# RFC 059: Splitting the catalogue pipeline Terraform

This RFC proposes a change to how we manage the Terraform for instances of the catalogue pipeline.

**Last modified:** 2023-07-03T10:39:33+01:00

## Background

We run multiple instances of the catalogue pipeline.\
We always have at least one pipeline which is populating the currently-live search index, but we may have more than one pipeline running at a time.\
Running multiple pipelines means we can try experiments or breaking changes in a new pipeline, and their data is isolated from the live search index (and the public API).

However, we manage every pipeline in a single Terraform configuration, and this breaks some of the isolation.\
If you're trying to change one pipeline, you can inadvertently change another pipeline -- and this has caused a broken API on several occasions.

We'd like to extend the isolation to Terraform, and keep each pipeline in a different configuration.\
That way, you can only modify one pipeline at a time, and you know exactly what you're changing.

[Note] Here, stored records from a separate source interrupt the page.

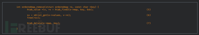 对于具体提供的,其哈希值计算为 (5)。使用哈希值,IT技术网在 (6) 处检索并释放键值的指针。最后,键本身从(7)的哈希图中删除。
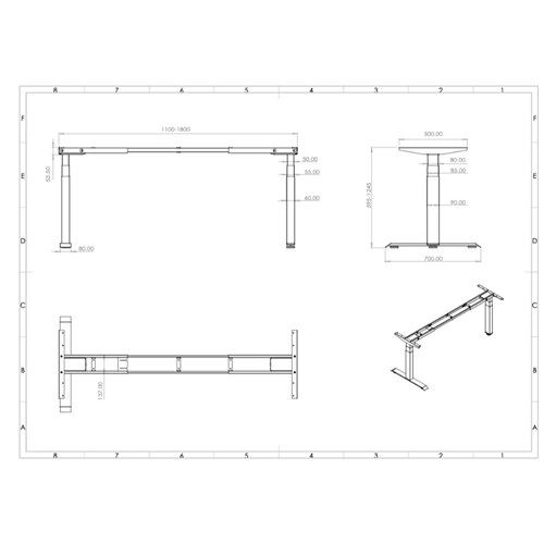 • Frame Dimensions: 1100mm-1800W x 700D x 595-1245mmH.
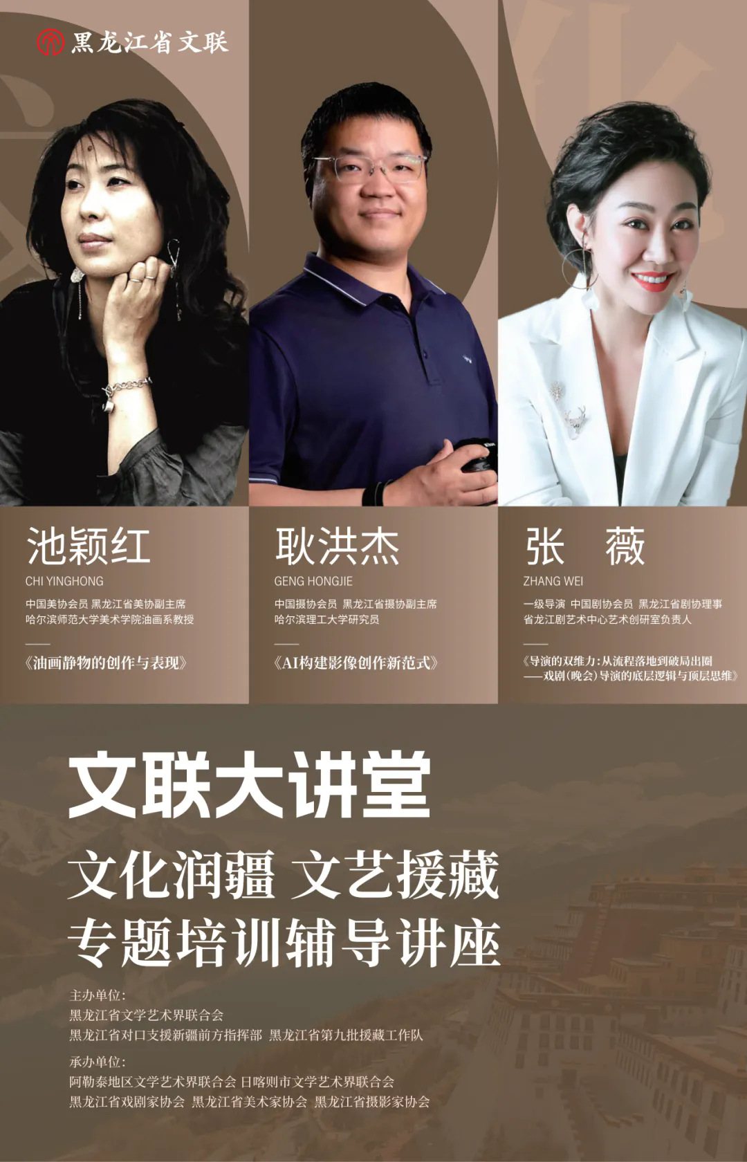 为深入学习贯彻党的二十届三中全会精神,全面贯彻落实中央民族工作会议精神,由黑龙江省文学艺术界联合会、黑龙江省对口支援新疆前方指挥部、黑龙江省第九批援藏工作队等主办,阿勒泰地区文联、日喀则市文联、黑龙江省戏剧家协会、黑龙江省美术家协会、黑龙江省摄影家协会等承办的黑龙江省文联“文化润疆 文艺援藏”专题培训辅导讲座将于9月29日、30日举办。
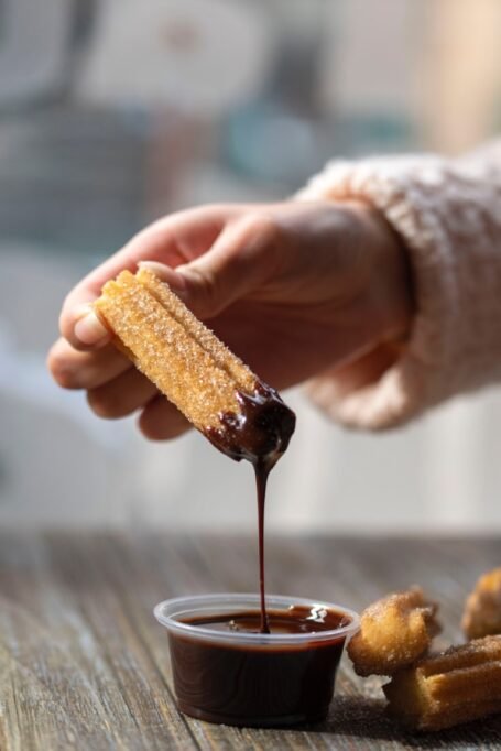 - Sladké churros: Tieto španielske dezerty sú chrumkavé zvonku a jemne mäkké vnútri. Sú výnimočné svojim tvarom, veľkosti a chuťou. Tradične sú podávané s horúcou čokoládou na namáčanie.
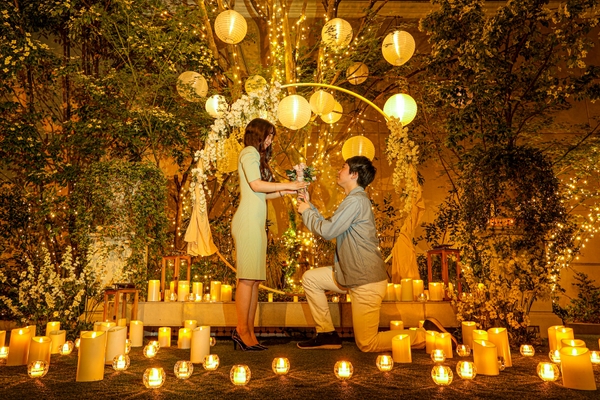 数々の結婚式を手掛けるスタッフが、一生記憶に残るプロポーズをプロデュース。クリスマス期間限定で、チャペルの中をキャンドルで装飾し、ロマンチックな雰囲気を演出いたします。また、フラワーシャワーやバブルマシーンで成功をお祝いし、幸せなひとときを徹底サポート。また、オプションで薔薇の花束のご用意や、プロのカメラマンが記録映像を撮影することも可能。
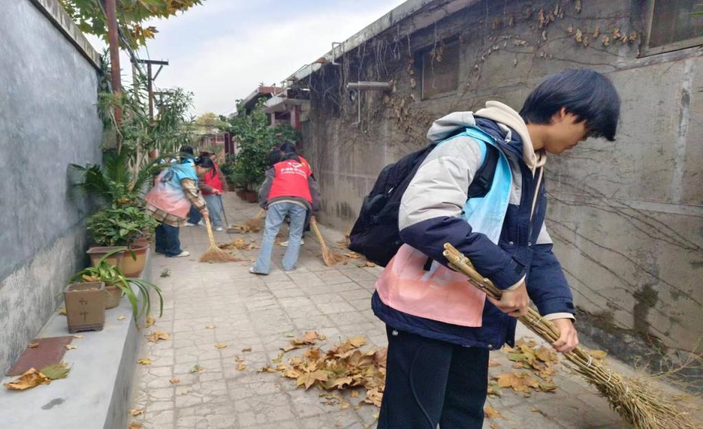 志愿者在鲁城街道阙里社区举行义务劳动活动,他们身着统一马甲,代表着正妹
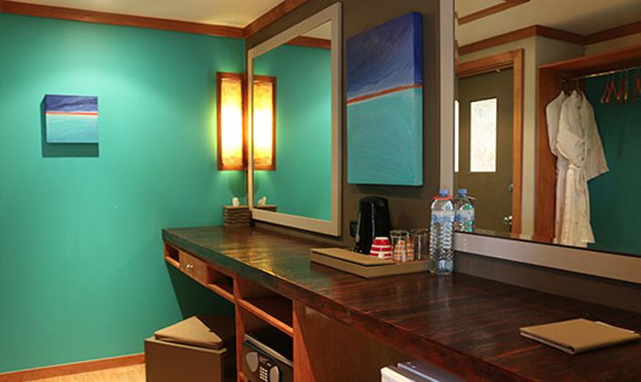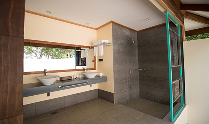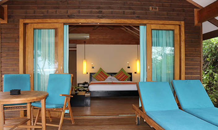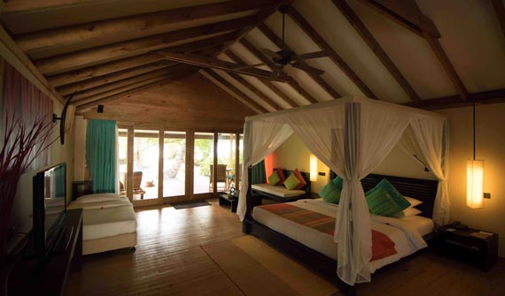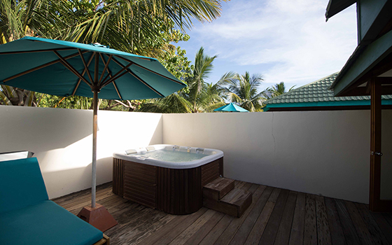 木質(zhì)陽臺(tái)風(fēng)格的住處,頗具當(dāng)?shù)匚幕厣?臻g開闊的瀉湖按摩沙灘別墅 (Lagoon Jacuzzi Beach Villas)提供了所有沙灘別墅的設(shè)施。其中包括大于58平方米的房間,熱帶風(fēng)格的四柱床,私人按摩浴缸,花園庭院。別墅造型設(shè)計(jì)極富當(dāng)?shù)匚幕厣F(xiàn)代化設(shè)施一應(yīng)俱全,長廊內(nèi)樹木茂盛。在此,旅客可飽覽長約4公里的海灘及島上藍(lán)色珊瑚礁的壯麗景致。

This RFC describes what that looks like in slightly more detail.

## Desirable properties

* It should be easy to find the pipeline you want to work in.
* It should be easy to create new pipelines.
* Each pipeline should have its own Terraform state file and label.\
  This should be specified in as few places as possible, to reduce the risk of inconsistency, e.g. a pipeline whose label is `2001-01-01` but the state file is named `2002-02-02`.
* This should make sense to somebody who's already an experienced Terraform user – commands like `plan`, `apply`, `import` should all work as they expect (modulo our `run_terraform.sh` wrapper).\
  You shouldn't need to learn a new tool to work with the pipeline Terraform.

## The proposal

We create per-pipeline folders in the `terraform` directory, something like:

```
.
└─ terraform/
    ├─ 2001-01-01/
    │   ├─ main.tf
    │   └─ run_terraform.sh
    ├─ 2002-02-02/
    │   ├─ main.tf
    │   └─ run_terraform.sh
    └─ modules/
        └─ ...
```

Each per-pipeline folder contains:

* A single Terraform file that refers to a shared pipeline module in the `modules` directory
* A `run_terraform.sh` wrapper which injects the Elastic Cloud secrets, and the name of the current pipeline as a Terraform variable.\
  This gets read from the folder name, so it should be possible to use the same copy of `main.tf` across different pipelines.

What this should look like for developers:

* For a pre-existing pipeline, you `cd` into the folder and run `run_terraform.sh` as usual.
* If you want to create a new pipeline, copy an existing folder and rename it.\
  When you `cd` into that folder, you run `run_terraform.sh init` to start the new pipeline and then plan/apply as usual.

## Implementation details

* **Partial configuration.**\
  We can use [partial configuration](https://developer.hashicorp.com/terraform/language/settings/backends/configuration#partial-configuration) for Terraform backends to create a different state file for each pipeline.\
  The `run_terraform.sh` script can read the name of the current folder, and pass the pipeline date in as a variable.
* **Auto-deleting old copies of the `.terraform` folder.**\
  When you copy an existing pipeline folder, you'll get the `.terraform` folder.

  We'll want to delete this folder in the `run_terraform.sh` script if it points to the wrong state file, to avoid Terraform trying to be "helpful" and inadvertently breaking a different pipeline.\
  This is best understood with a worked example:

  > I create a pipeline `2001-01-01`, then I copy the folder to create `2002-02-02`.
  >
  > When I run `run_terraform.sh init` in the `2002-02-02` folder, it notices that the state in `.terraform` points at `s3://…/2001-01-01.tfstate`, but now I'm trying to keep state in `s3://…/2002-02-02.tfstate`.
  >
  > It offers to migrate the state to the new location; if I say yes, it will copy the state and then try to destroy the resources labelled `2001-01-01` on the next plan/apply.
  >
  > It would be better if our script knew that this was a different pipeline, and that we can't reuse the `.terraform` folder.
* The per-pipeline state files should be in a dedicated prefix, so they can be easily identified, e.g.

  ```
  s3://…/catalogue-pipeline/pipeline/2001-01-01.tfstate
  s3://…/catalogue-pipeline/pipeline/2002-02-02.tfstate
  s3://…/catalogue-pipeline/pipeline/2003-03-03.tfstate
  ```

## Rejected approaches

* **Creating an entirely custom tool.**\
  We don't want developers to have to learn a new tool just to work on the catalogue pipeline Terraform -- it should be possible to create a familiar workflow with `run_terraform.sh` that's easier for everyone to learn.
* **Terraform features: using workspaces, running a script with -chdir.**\
  These are both Terraform features that might enable the sort of process we want, but we don't use them anywhere in the platform so they're not a familiar workflow for us.\
  Using separate folders should be easier.